**Task requirements**
Beginning with the line that holds "AS Gniazdo podwójne", retype the rest of the listing exactly, last line included.

**Dataset records**
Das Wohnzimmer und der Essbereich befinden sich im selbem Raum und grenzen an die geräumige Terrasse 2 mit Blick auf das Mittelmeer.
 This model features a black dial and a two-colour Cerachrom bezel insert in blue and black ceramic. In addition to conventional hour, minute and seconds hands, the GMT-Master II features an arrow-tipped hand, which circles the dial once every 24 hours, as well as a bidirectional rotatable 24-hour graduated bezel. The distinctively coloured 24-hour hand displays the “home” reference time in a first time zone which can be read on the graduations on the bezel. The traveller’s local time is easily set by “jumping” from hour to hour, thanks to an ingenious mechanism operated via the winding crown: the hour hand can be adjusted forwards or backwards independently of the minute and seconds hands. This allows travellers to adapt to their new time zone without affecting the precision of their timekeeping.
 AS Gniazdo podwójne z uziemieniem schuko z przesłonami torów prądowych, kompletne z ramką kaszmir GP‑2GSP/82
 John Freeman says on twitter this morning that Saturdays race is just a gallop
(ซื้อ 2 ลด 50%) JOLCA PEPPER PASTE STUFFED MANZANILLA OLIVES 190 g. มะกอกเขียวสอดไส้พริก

**Your response**
 AS Gniazdo podwójne z uziemieniem schuko z przesłonami torów prądowych, kompletne z ramką kaszmir GP‑2GSP/82
 John Freeman says on twitter this morning that Saturdays race is just a gallop
(ซื้อ 2 ลด 50%) JOLCA PEPPER PASTE STUFFED MANZANILLA OLIVES 190 g. มะกอกเขียวสอดไส้พริก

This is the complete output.